Here we then also get a sense of connections - of world and cultural karma if you will. The students marveled at the fact that Haroun al-Rashid (ruler of a great Muslim empire from 763 - 809) and Charlemagne (Frankish ruler, Holy Roman Emperor at roughly the same time) actually discussed an arranged marriage between Charlemagne and as-Rashid's sister! What consequences might that have had for history and for the relations between the Muslim and Christian worlds had that happened! And again, we marveled at the chivalry of the exchanges between Saladin and Richard the Lionheart during the Crusades - Saladin actually sent his personal physician to treat Richard who had fallen ill. Well, once he was better the battle could commence... And so it did.
 
Moments from history give us all pause to think. And greater sweeps of history, of examining the differences in people's consciousness and how they change from one historic period to the next also give us a lot to think about. What about the fact that as the British Empire began to grow after the defeat of the Armada, that Japan, half a world away, entered its isolationist period, effectively closing itself off from the rest of the world? What ramifications might that have had for us all?
 
And so on. Our block was very exciting and wide ranging.  We touched on many topics, including the rise in rationalism, the Protestant Reformation, the Industrial Revolution and the true beginnings of globalisation with the development of capitalism....And we spent time looking at the ideas of the Enlightenment and how they influenced not only the French and American Revolutions but also the formation of Haiti and men like Toussant L'Overture.
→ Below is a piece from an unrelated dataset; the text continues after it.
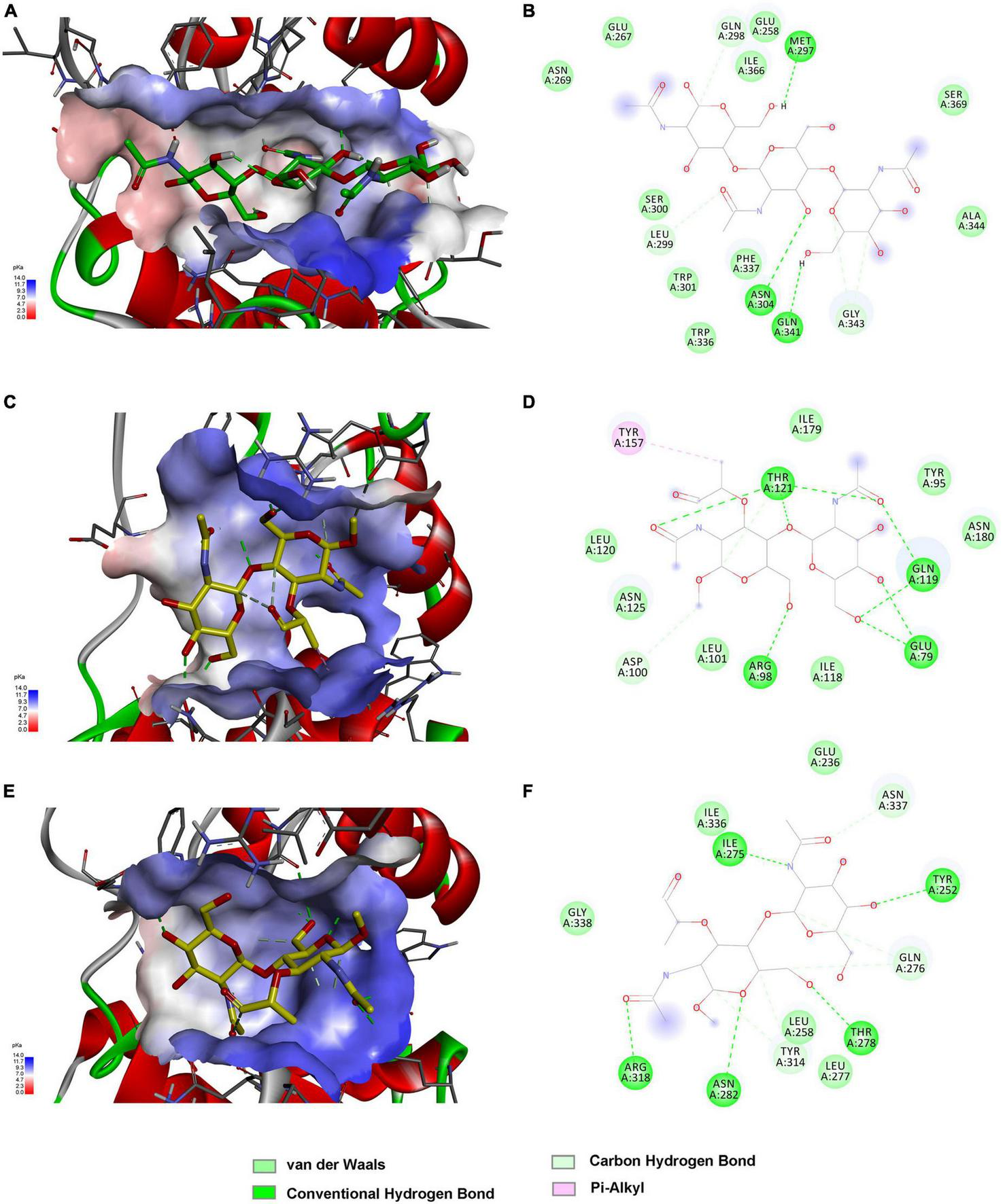 The above findings inspired us to further explore the binding modes of these enzymes to different polysaccharide substrates. To analyze the possible interaction of C25GH19A with chitin substrates, the chitin trisaccharide (GlcNAc)3 was extracted from the oligosaccharide-complexed crystal structure of the chitinase OfChtI and docked into the model structure of C25GH19A (Figures 6A, B). The chitin trisaccharide binds well in the substrate binding pocket of C25GH19A with a binding free energy of −2.32 kcal/mol. The residues M297, N304, Q341, Q298, L299, and G343 form hydrogen bonds with (GlcNAc)3, while residues N269, E267, E258, I366, S369, A344, S300, W301, W336, and F337 interact with the chitin trisaccharide through van der Waals. Disaccharide NAGNAM was extracted from the complex crystal structure of the protein PGRP-Iβ and docked into the model structures of C25GH19B and C25GH19C, respectively, to analyze their potential binding modes to peptidoglycan substrates (Figures 6C–F). The binding free energies of C25GH19B or C25GH19C complexes with NAGNAM obtained by molecular docking were −5.64 and −5.81 kcal/mol, respectively. In C25GH19B, residues T121, Q119, E79, R98, and D100 form hydrogen bonds with the substrate NAGNAM; residues I179, Y95, N180, I118, L101, N125, and L120 participate in van der Waals interactions; in addition, Y157 forms Pi-alky interaction with NAGNAM (Figure 6D). C25GH19C also interacts with NAGNAM via hydrogen bonds and van der Waals interactions, and the residues involved include I275, Y252, T278, N282, R318, N337, Q276, Y314, E236, L277, L258, G338, and I336 (Figure 6F). Since both chitin and peptidoglycan are natural polymers, the use of disaccharides and trisaccharides as model substrates here only indicates the possible binding modes between them, and further studies on the activities and intermolecular interactions of these enzymes on these natural substrates are still needed in future work.

I was keen to ensure that the students realized that such ideals spread far beyond European culture.
 
I love history - I love the stories of humanity and all the twists and turns and interconnections of the individual and society. My students were also excited. I will undoubtedly teach this main lesson again next year to next year's juniors - and then perhaps one or more high school history books will eventually be available for you all!